LAS VEGAS, Nev. (FOX5) -Las Vegas Valley residents are gathering hundreds of signatures to pause a project intended to help the homeless.

Residents are sending a message to to state and local leaders about the planned $200 million project referred to as Campus for Hope.

FOX5 has told you about the Campus for Hope and the dire need for more homeless services, transitional housing and resources for families across the Las Vegas Valley.

Community leaders have held town halls to address residents’ concerns.

MORE: Neighbors sound off on proposed homeless center in west Las Vegas

Local resident Jim Root created a online petition. There are hundreds of other signatures on paper from neighbors going door to door.

“We’ve seen no economic impact study, no environmental study, and only minor attempts at public involvement after loud complaints,” the petition states.

“It’s unfortunate that we have to fight. I would like it to just be something that we could have conversations about,” Root said, stating that officials have not presented blueprints, plans, or in-depth details to concerned residents.

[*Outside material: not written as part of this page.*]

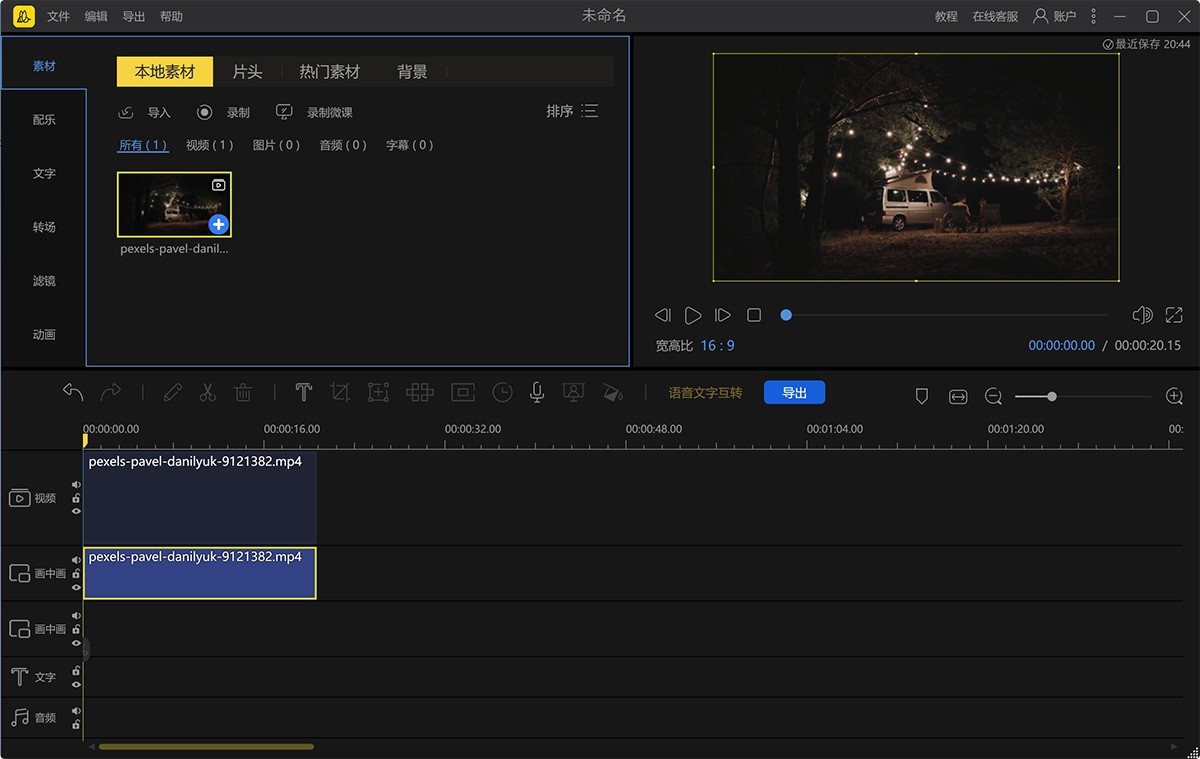 如果你想添加一些图片或图片中的图片效果到这个视频的框架,蜜蜂剪辑可以帮助你!除了原始的视频轨道外,还可以自动打开一个额外的轨道,这样就可以把素材拖进去编辑了,从而丰富了视频层!您还可以同时编辑字幕和背景音乐,实时查看视频的整体效果。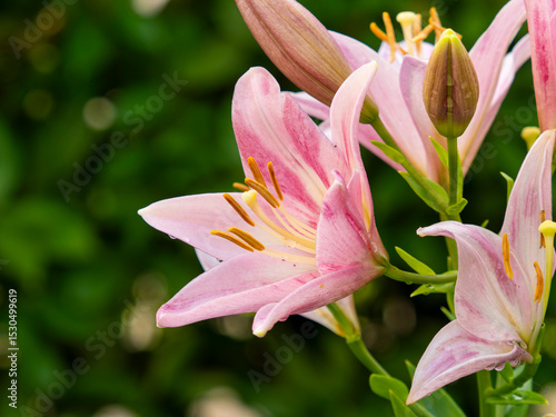 Obraz premium 雨に濡れたピンクのスカシユリ

“Our next step is likely legal action, but we’re going to continue with the petition as well and hope that someone in the political sphere will step up and recognize that this is not appropriate for our community,” Root said to FOX5.

“I would be against this if it was 900 apartments,” Root said. “900 apartments mean 900 new cars on the corner. It means building, it means traffic… 900 apartments on that corner don’t make sense for this community,” he said.

FOX5 recently did a one-on-one interview with the CEO of Campus for Hope.

“It’s built to look like and mimic a community. It looks like a college campus, you have kind of residential places, places for people, green spaces on the campus,” Kim Jefferies said.

“It’s really trying to build that community feeling, so that when people are trying to navigate all of these resources, they have a safe and beautiful environment to really recover from whatever led to their homelessness,” she said.

A spokesperson for the Campus for Hope tells FOX5, Jefferies has continued to meet with schools, libraries and facilities around the area. She will plan a meeting with community members to address concerns, the spokesperson said to FOX5.

FOX5 told you how Las Vegas City Councilman and Mayor Pro Tem Brian Knudsen of Ward 1 has been hearing concerns — and working to dispel any misconceptions.

“The neighbors around there, the neighborhoods around there, I get to represent all of them. They’re nervous. They don’t want this to be a tent village. The Campus For Hope is not that: Campus for Hope is apartments. It’s medical services, and it’s workforce and childcare options,” Knudsen said.

Root and other residents have concerns about an expansion of services at the site provided by the Nevada Department of Health and Human Services for inmates with mental illness.

According to the Southern Nevada Adult Mental Health Service campus Master Plan in 2022, research found that there are 200 additional beds needed for its “forensic facility” to meet the needs of the growing Las Vegas Valley.

FOX5 has reached out to DHHS to clarify plans for expansion.